Wie fanden Sie die Leistung von Williams?
Sie spielte gut und machte alles etwas besser als ich. Und sie war sehr konzentriert.

Wie war die Atmosphäre, konnten Sie die Partie geniessen?
Ja klar. Ich sagte mir auch immer: Geniess es, du bist da, auf dem Centre Court mit Serena. Manchmal ist man so fokussiert auf die Partie, dass man alles um einem vergisst. Ich fand es super und würde am liebsten gleich wieder gegen sie spielen.

Wie sehen Sie die nächsten Wochen und Monate, wie geht es weiter?
Ich spiele als nächstes in St. Petersburg, dann den Fed-Cup in Genf gegen Frankreich, Acapulco, Indian Wells und Miami.

Sie verlieren in der Weltrangliste als letztjährige Achtelfinalistin wieder einige Punkte und fallen nun sogar aus den Top 70. Beschäftigt Sie das oder blenden Sie das aus?
Im Moment ist mir das völlig egal, sorry.

Warum das?
Ich spiele einfach, ohne meine Punkte zu kalkulieren. Ich weiss natürlich, dass ich wieder Punkte verloren habe, aber das beschäftigt mich nicht.

Sie waren hier ohne Ihren Vater am Start, das war wie ein Test. Können Sie schon eine erste Bilanz ziehen und sagen, wie es weitergeht?
Nein, das kann ich noch nicht. Ich gehe, wenn das Turnier zu Ende ist, erst einmal nach Hause und schaue dann weiter. Natürlich kommt Papi wieder manchmal mit, manchmal nicht, manchmal Mami.

Hat Ihr Vater Ihnen gefehlt in Melbourne?
Es ist für mich eigentlich das gleiche (ob er da ist oder nicht, die Red.). Es ist nicht so wichtig, wer in meiner Box sitzt. Ich weiss, was ich kann auf dem Platz. Papi und Mami haben zugeschaut, sie haben mir geschrieben, auch schon vor dem Match. Es war eigentlich, als ob er hier gewesen wäre. Natürlich fehlte er mir auch als Papi. Aber es ist nicht so, dass ich ohne ihn nicht spielen könnte. Ich will allerdings damit auch nicht sagen, dass er mir nicht gefehlt hätte....

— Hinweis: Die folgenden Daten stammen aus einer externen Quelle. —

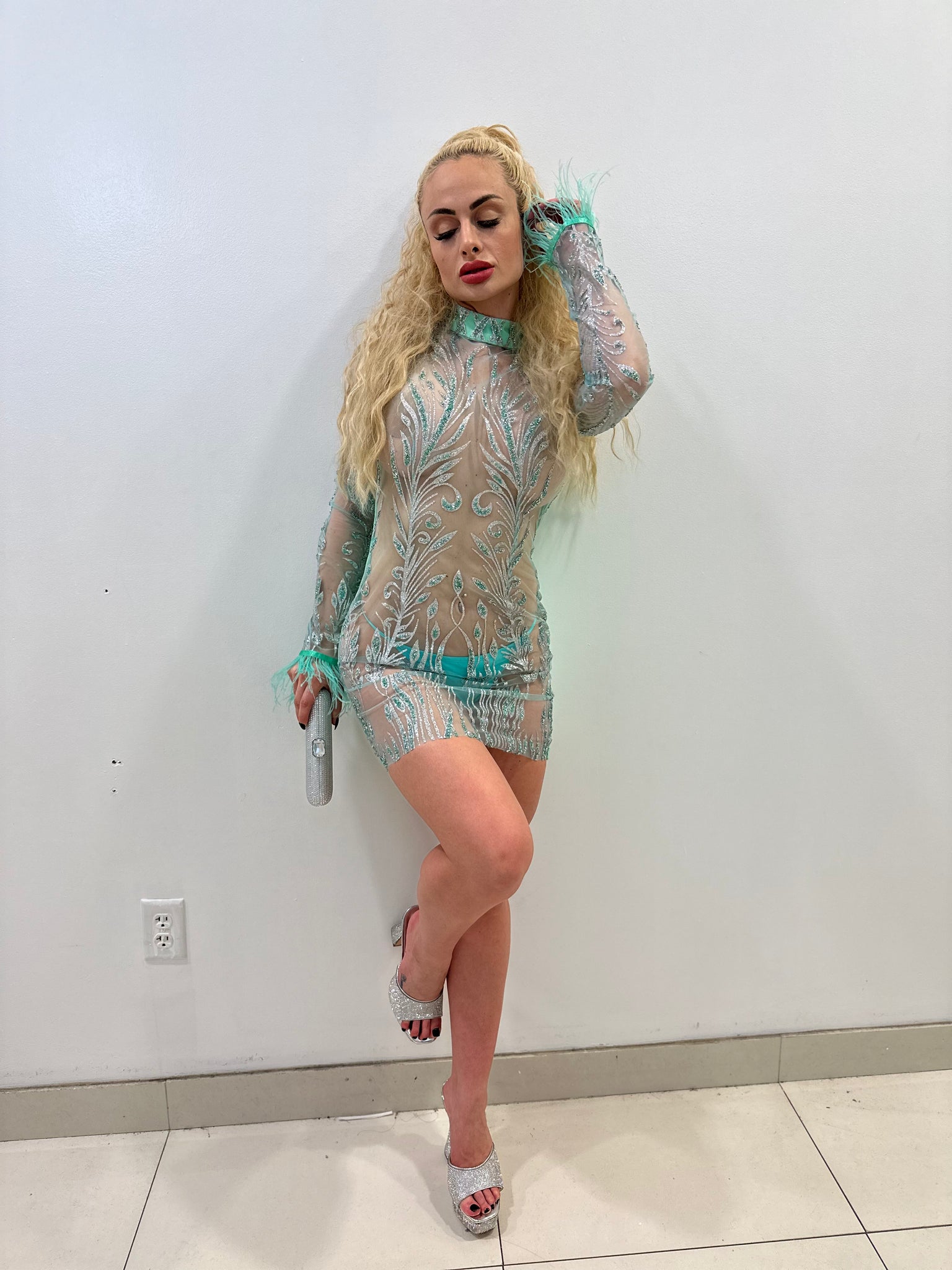 This unique shimmer dress stretches and fits true to size. Model is wearing a small.

Ist es vorstellbar, dass Sie noch jemand in Ihr Betreuungsteam holen, der mit Ihnen reist?
Im Moment weiss ich das noch nicht. Keine Ahnung.

Und was sagen Sie zur Auslosung im Doppel, wo sie mit Ana Konjuh gleich gegen die topgesetzten Französinnen Mladenovic/Garcia spielen müssen?
Das ist schon erstaunlich. Es ist schwierig, im Einzel gleich gegen die Nummer 2 und im Doppel gegen die Nummer 1 zu spielen.